Against this backdrop, Hinckley tipped a crucial balance. The White House wanted scalps. The result was Congress’s Insanity Defense Reform Act of 1984, which significantly constrains plea terms to this day in federal cases. Defendants can no longer excuse a crime on “irresistible impulse” – that is, they could not control their actions even if they knew they were wrong – and a mental illness should be both persistent (“temporary insanity”, including fleeting psychoses, is ruled out) and “severe” enough (albeit severity is ill-defined) to render the accused “unable to appreciate” the crime, where before it had allowed for lacking the “substantial capacity” to appreciate.
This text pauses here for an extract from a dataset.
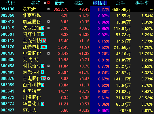 11月18日,氫能源概念股大面積飄紅,包括北京科銳、康盛股份、陜西黑貓等在內(nèi)的5只概念股集體漲停,金能科技、中泰股份、英力特等個股也紛紛跟漲。

Most explicitly, it nudged the insanity defence’s burden of proof towards the accused, marking the only element of a criminal trial where the onus lies in favour of the prosecution. That is, the defendant must prove that they’re insane, rather than the prosecution proving they’re sane. The change attracts mixed opinions. Where some deem it a re-balance, Ann Krin, the chair of psychology at the University of California Berkeley, calls the change inconsistent “with the constitutional requirement that people are considered innocent until proven guilty”. The change is weighted, too. Because of popular myths surrounding its use (and apparent abuse), the insanity defence always faces an “uphill battle” in courtrooms, regardless of the accompanying norms.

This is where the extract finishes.